Personal information
- Born: November 23, 1973 (age 52) Dighton, Massachusetts, U.S.

Career information
- College: Southern Connecticut State

Career history
- Southern Connecticut (1995–1996) Tight ends coach & Assistant offensive line coach; Lehigh (1997–1998) Tight ends coach & Assistant offensive line coach; Cornell (1999) Tight ends coach & Assistant offensive line coach; Cornell (2000) Running backs coach; American International (2001–2003) Offensive coordinator & Offensive line coach; Southern Connecticut (2005–2007) Running backs coach; Stonehill (2008) Running game coordinator & Offensive line coach; Tampa Bay Buccaneers (2009) Offensive assistant; Tampa Bay Buccaneers (2010–2011) Assistant offensive line coach; Chicago Bears (2012) Offensive line coach; Stetson (2014) Offensive line coach & Run game coordinator; Oakland Raiders (2015–2017) Assistant offensive line coach; Santa Margarita Catholic High School (2019-2022) Offensive line coach; Michigan Panthers (2023–2025) Offensive line coach; Houston Gamblers (2026–present) Offensive line coach;

= Tim Holt (American football) =

American football coach (born 1973)

Timothy P. Holt (born November 29, 1973) is an American football coach who is the offensive line coach for the Houston Gamblers of the United Football League (UFL).

He most recently coached for the Oakland Raiders of the National Football League.
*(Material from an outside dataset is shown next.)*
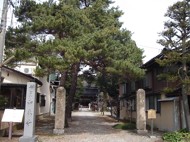 金沢散歩(15) 寺町寺院群 その2 西方寺、瑞泉寺、極楽寺、伏見寺2015年2月13日更新金沢散歩(14)、寺町寺院群、妙立寺(忍者寺)、願念寺、本長寺、妙慶寺に続けて、西方寺、瑞泉寺、極楽寺、伏見寺をご紹介します。70寺あまりのたくさんのお寺が有りますが、ご紹介できるのはごく一部となりますこと、ご了承お願いします。[天台宗 西方寺]加賀藩主 前田利家の六女、菊姫の菩提寺です。菊姫は天正12年(1584年)にわずか7歳で亡くなってしまいました。利家は金沢入城の時、菊姫の供養を願い、親交のあった比叡山の僧 盛尊和尚を金沢に招き金沢城付近に西方寺を建て、菊姫の位牌と肖像画を奉納しました。西方寺は藩政時代から金沢に伝わる全ての霊場に指定され、パワースポットとして現在も信仰を集めています。[西方寺 本堂]私が訪れた時は誰一人いなくて静かでした。左手には動物霊苑が有ります。[西方寺 良縁結実稲荷神]お参りすれば、良縁 縁結び 恋願い 恋愛成就にご利益が有るそうです。[西方寺 右の稲荷神]確かに、しっかりと願いを聞いて下さりそうな姿です。[西方寺 左の稲荷神]口にくわえているのはお経の巻物でしょうか。 [真宗大谷派 瑞泉寺]寛永年間(1624〜44)建築。越中井波の瑞泉寺の親戚寺です。親鸞聖人御真影、蓮如上人御真筆名号および触頭文書を含む数多くの古文書が残されています。[瑞泉寺 本堂]なんとなく心が落ち着きます。[瑞泉寺 彫刻]軒先の彫刻が怖いです。魔から守っているのでしょうね。[浄土宗 極楽寺]現在、京都総本山知恩院の直轄寺院だそうです。後醍醐天皇の皇子、明心仏眼法親王による創建。明心仏眼法親王は幼い頃から仏教に興味を示し、8歳で出家。比叡山の厳しい修行に耐え第百二十三代天台座主の地位にまで登りつめました。しかし、後醍醐天皇が足利尊氏に敗れると同時に、親王も地位を追われ各地を転々と逃げまわっていました。越中(現富山県)に身を隠していた頃、目竜上人という浄土宗の僧と出会い、その教えに感銘し寺を作るきっかけとなったそうです。皇室ゆかりの寺院として朱塗りの欄干は格調の高さを表しています。また、本堂や瓦には菊のご紋が使われています。[極楽寺 本堂] [曹洞宗 松月寺の大桜]国指定天然記念物。樹齢400年、東西20m、南北15mに広がる大桜です。土塀を破って巨大な幹が歩道に飛び出しています。この桜は、同寺中興の至岸和尚が、三代加賀藩主前田利常から拝領したと伝えられています。花の時期の写真では無くて申し訳ありません。[松月寺の大桜 幹]年月を感じさせます。お世話も大変でしょうね。[松月寺の大桜 幹]上の写真の反対側です。幹が土塀を乗り越え、必死に這い出ようとしてもがいているようです。[高野山真言宗 伏見寺]「金沢」という地名由来にまつわる芋掘り藤五郎が建立したと言われています。芋掘りをして暮らしていた藤五郎は、観音様のお告げにより、美しい和子(わご)という娘を妻にしました。ある日、2人は砂金を見つけ、沢の水で洗います。この時の沢は、のちに「金洗いの沢」と呼ばれました。前田利家がこれにちなんでこの地を「金沢」と名付けたそうです。現在「金洗いの沢」は「金城霊沢」と改名され、今でもこんこんと水が湧き出ています。芋掘り藤五郎のお話をご紹介します⇒芋掘り籐五郎物語[伏見寺 芋掘り藤五郎像]和子さんも一緒に作ったら良かったのに。[伏見寺 芋掘り藤五郎のお墓][金城霊沢(金洗いの沢)]兼六園の近く、金沢神社の横にあります。[金城霊沢(金洗いの沢)の湧き出る水]☆☆☆ 金沢の旅館 ホテル ご紹介☆☆☆ [金沢駅周辺] [金沢繁華街]・[中心街]・[中心をやや離れた宿]☆ホームでは、石川県全域のお宿をご紹介しています。どうぞきまっし石川→ホームへ戻る

He was a three-year letterman at Southern Connecticut State University, and coached there for two years afterwards. Holt would serve a total of 15 years with colleges. Holt served ten of those years with the offensive line, with the rest as running backs. In 2009, Holt was hired as the Tampa Bay Buccaneers coaching intern, before becoming an offensive assistant, and becoming the assistant offensive line coach under head coach Raheem Morris and offensive coordinator Greg Olsen in 2011. In his final two seasons with the Bucs, the team's offensive line yielded 4.5 rushing yards per carry, seventh best in the NFL. Holt, along with the rest of Morris' staff, was fired after the 2011 season. He was hired by the Bears in 2012 to succeed Mike Tice, who was promoted to offensive coordinator. Holt is the fourth offensive line coach for the Bears under head coach Lovie Smith (along with Tice, Harry Hiestand, and Pete Hoener). On January 17, 2013, Holt was among seven coaches not retained by new Bears head coach Marc Trestman.

On March 15, 2023, Holt was announced as the offensive line coach for the Michigan Panthers of the United States Football League (USFL).